● The task: Any image found in the entries is to be skipped; the rest is returned word for word.

Start of Data for the task

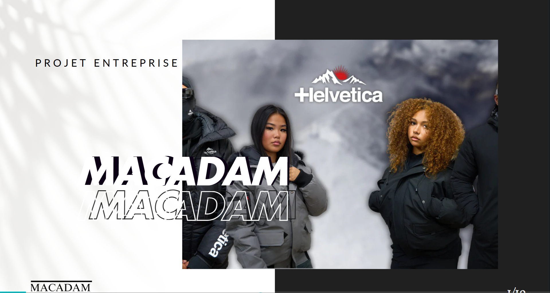 Dans le cadre d’un projet entreprise, j’ai travaillé sur Macadam, avec mes camarades, nous devions déployer une stratégie de communication pour une marque française de prêt-à-porter mixte orientée sportwear urbain. L’enseigne possède à la fois une boutique en ligne et un magasin physique, où elle propose des vestes, manteaux, blousons et accessoires issus de marques tendance comme Schott ou Helvetica.
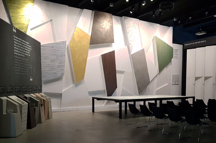 Un'esperienza sensoriale, una immersione di colore, materia, luce riflessa nelle superfici materiche. Un punto di formazione per progettisti, maestri decoratori, rivenditori, dove sperimentare le soluzioni, interagire con i tecnici per ricercare soluzioni su misura, trarre ispirazione, conoscere, sperimentare.
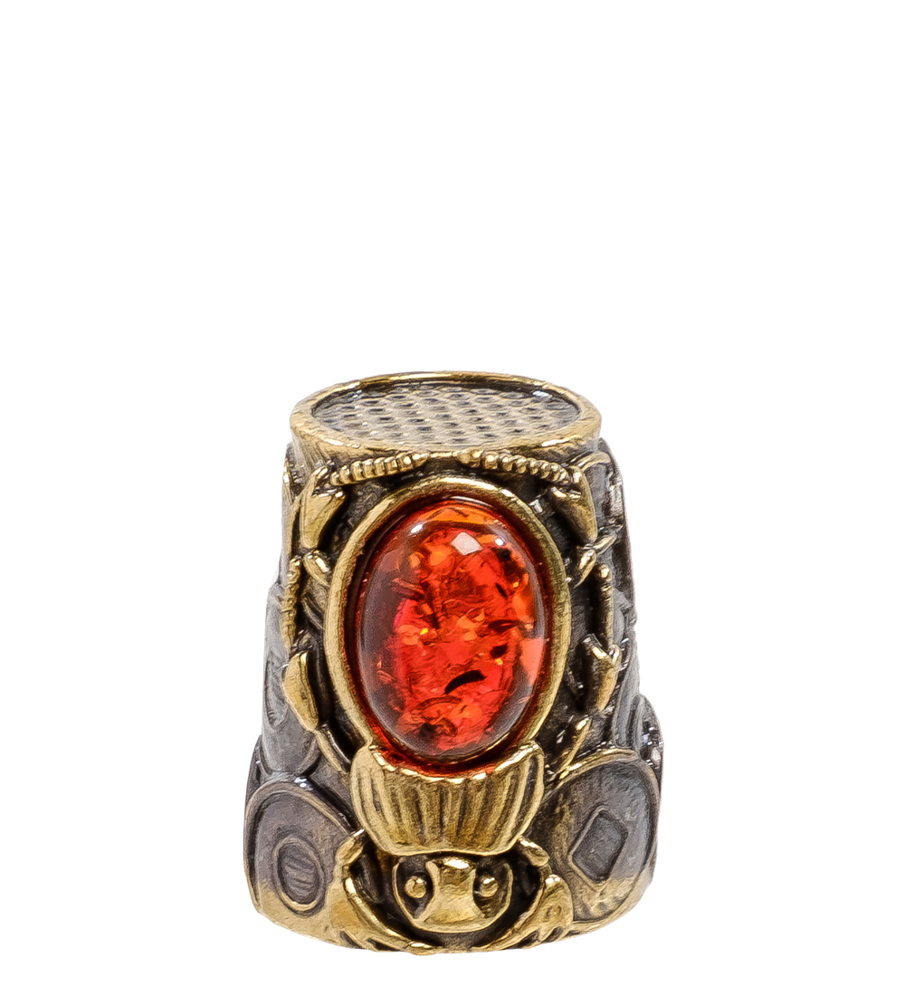 Am-2156 наперсток жук египетский (латунь, янтарь)
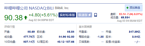 互联网中概股盘前齐跌 网易大跌近11% 哔哩哔哩跌超8%
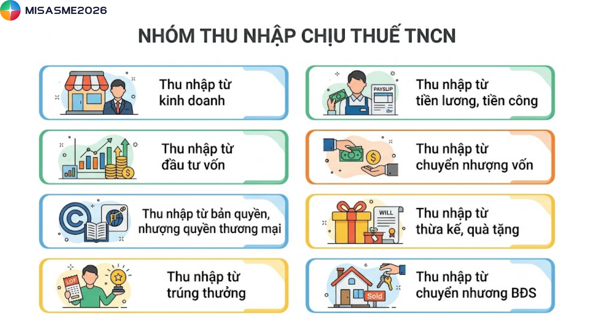 Theo quy định mới nhất, các nguồn thu nhập phải chịu thuế thu nhập cá nhân được chia thành 8 nhóm chính như sau:

End of Data for the task

● Your response:
 Dans le cadre d’un projet entreprise, j’ai travaillé sur Macadam, avec mes camarades, nous devions déployer une stratégie de communication pour une marque française de prêt-à-porter mixte orientée sportwear urbain. L’enseigne possède à la fois une boutique en ligne et un magasin physique, où elle propose des vestes, manteaux, blousons et accessoires issus de marques tendance comme Schott ou Helvetica.
 Un'esperienza sensoriale, una immersione di colore, materia, luce riflessa nelle superfici materiche. Un punto di formazione per progettisti, maestri decoratori, rivenditori, dove sperimentare le soluzioni, interagire con i tecnici per ricercare soluzioni su misura, trarre ispirazione, conoscere, sperimentare.
 Am-2156 наперсток жук египетский (латунь, янтарь)
 互联网中概股盘前齐跌 网易大跌近11% 哔哩哔哩跌超8%
 Theo quy định mới nhất, các nguồn thu nhập phải chịu thuế thu nhập cá nhân được chia thành 8 nhóm chính như sau:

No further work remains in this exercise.